I stopped coming home after the second semester of my first year. I hated the shoutings and how distant everyone and everything was. I missed Ife. She would know what to do if she was here. I missed Mama too. I thought about going to her but I hadn't seen her in almost six years. The one time I went back to spend time with her, I did with tears. I was sure she wouldn't let me go back. But my happiness was short-lived when she sat me down to explain why I shouldn't say a thing like that ever again. She reminded me of Ngozi, the thirteen year old girl who said such things about her father and the oldest chief married her to save her from the shame, and to give her baby a name. When Aunt Uju came to take me back, Mama asked her not to bring me again.

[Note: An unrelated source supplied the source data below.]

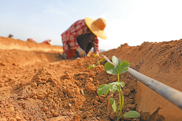 4月5日,河南省焦作市温县招贤乡仓头村村民在种植西瓜。新华社发
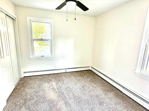 The bathroom has been completely updated with a new toilet, vanity, and vanity mirror. Closet updates include new slider doors, shelves, and hanger rods.
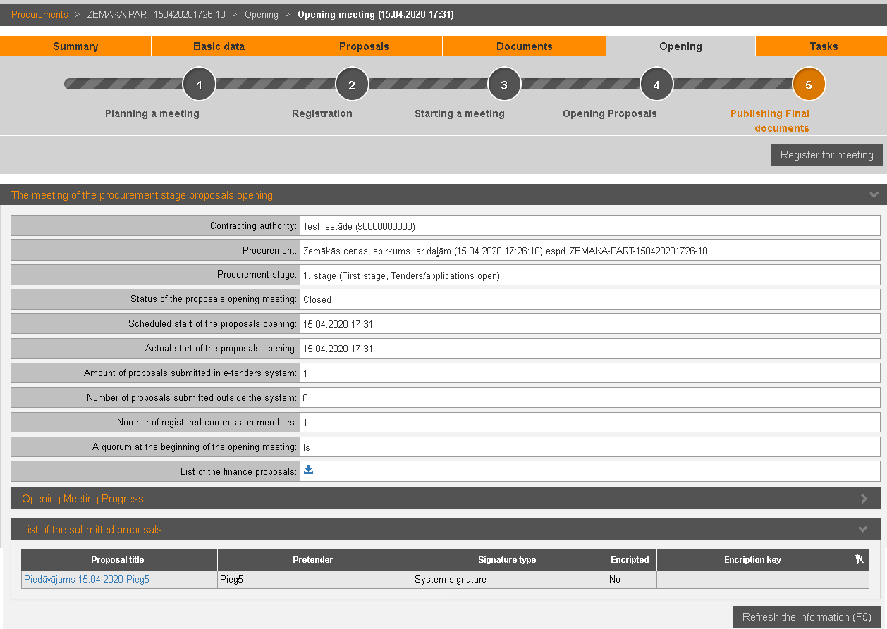 After registration for meeting, pretender can view proposal opening meeting’s information and summary of submitted proposals.
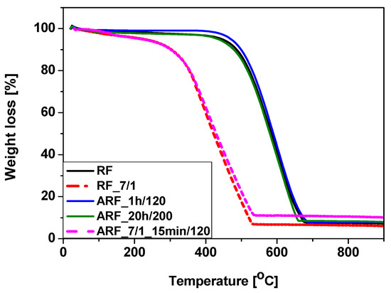 Thermal stability of the samples was studied using a thermogravimetric method, and the thermogravimetric curves are presented in Figure 3. It is clearly visible that the materials activated with potassium oxalate (RF_7/1 and ARF_7/1_15 min/120) have a lower initial combustion temperature than unmodified samples (RF, ARF_1 h/120, and ARF_20 h/200). This can be related to the presence of oxygen functional groups on the carbon spheres surface derived from potassium oxalate and the presence of the amorphous carbon [40]. The lower thermal stability of modified oxalate potassium samples may also result from the fact that, during synthesis, potassium hollows out carbon spheres, creating additional channels with pores. Arising from additional channels on the surface of the spheres, oxygen has easier access to a larger surface of the sample during the thermogravimetric test, which could be the reason for combustion at lower temperatures.
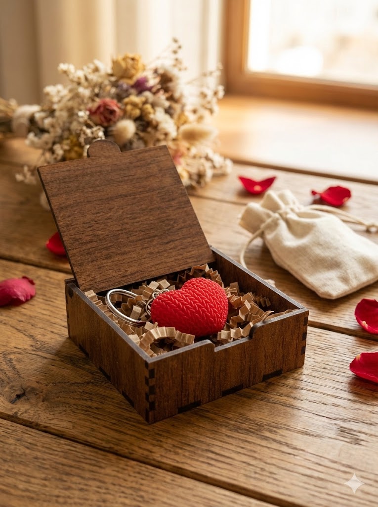 Sıradan bir anahtarlık değil, sunumuyla büyüleyen bir jest... Ürünümüz, kendisine özel tasarlanmış rustik ahşap kutusu içerisinde, koruyucu ve şık kraft dolgu kağıtları (kırpık kağıtlar) üzerinde sergilenerek gelir. Hediye paketi derdi olmadan, doğrudan sevdiklerinize sunabileceğiniz, paketi açıldığı anda "özenle seçilmiş" hissi veren bir tasarımdır.

She never visited either, and her silence wouldn't stop echoing in my head. So I stayed. School became my home. I tried it with some of the boys but there was always something missing. I never recognised what it was, not immediately. That made me try harder during my first three years. In those short years, I often wondered why like Aunt Uju, I had stayed. Why I had waited till I was in the university to take a stand. I thought about it often because I wanted to understand Aunt Uju's choices. Why she continued to bring me pills and boiled water for me to take a bath. Maybe because I loved her. I wanted what Mama couldn't give me. I searched for it in her, but it never came. I also wondered why Chinedu's sisters hardly came home.

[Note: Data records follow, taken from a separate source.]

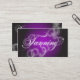To perfectly align your text, press "CUSTOMIZE IT" under the image, click on the newly loaded image of the business card to go to design view. Use the text boxes on your right to highlight the text that you want to edit, then use the arrows to move it or click on the lettering on the image of your design and click and drag your mouse to move it. If you require assistance, please contact pamsdesigns@live.ca. ©2012 Pam's Designs. This elegant, professional, and stylish purple, black and white glowing smoky monogram script lettering with swirled floral flourishes and sparkle over a spotlight tanning business card provides a classy, professional look for your tanning salon business. This elegant monogram business card is can be personalised to meet your business needs. If you would like to see your business name written with this fancy script font, please contact us at pamsdesigns@live.ca.
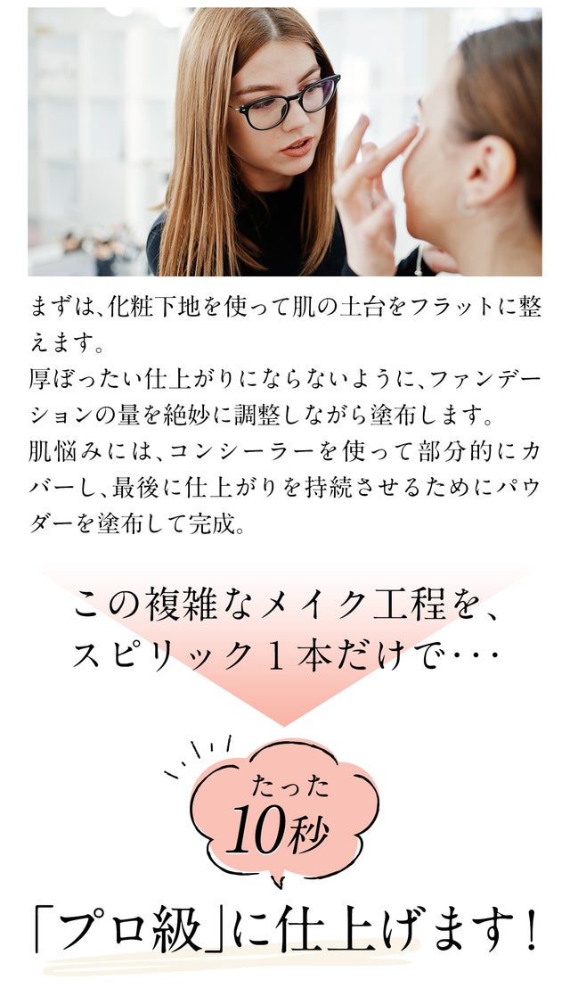 スピリックは、手間・時間のかからないベースメイクで日本中の肌をキレイに魅せたいという想いでスタートしたプロジェクトです。女性の方はもちろん、私のような男性でも使っていただけますし、テクニックや技術は一切不要なのでどんな方にも本当に使いやすいアイテムです。今までのベースメイクに満足できなかった方、ベースメイクが苦手な方、鏡を見てため息をついてしまう方、そんな方々を救いたいと本気で考えてスピリックは完成しました。
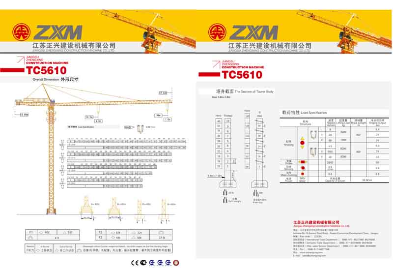 2、最大工作幅度56米,最大起重量6噸,額定起重力矩630KN.M;
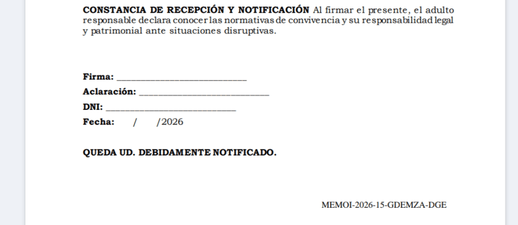 La notificación establece de manera explícita las responsabilidades de las familias, incluyendo aspectos vinculados al cuidado, la supervisión y las posibles consecuencias ante situaciones que afecten la convivencia escolar.

It wasn’t until I graduated and was taking a stroll on a cool evening that it came to me, vividly this time. I always liked looking at girls and I blushed when they looked back. I would ignore the warm feeling when a girl touched my hair. I went out with boys, fairly because I liked them. Again, because everyone expected you to. But this day was different. I was standing, hands in the pocket of my jacket, staring at the little ice-cream shop across the street and wondering whether or not to go in for a cup when she approached. I was so engrossed in my thoughts that I didn’t notice her till she stopped in front of me. I turned and couldn’t look away. I didn’t move when she traced my hairline down to my cheeks with her index finger. I was still transfixed when she reached into her bag and brought out a card.

“Call me,” she whispered and slipped it into my pocket.

After a night with her, I knew I had found what I was looking for. Difference was, I didn’t want it, not with her. There were only two people I wanted to see. I would try one more time to find answers from one, and completeness from the other. That moment, I realised it was time to go home.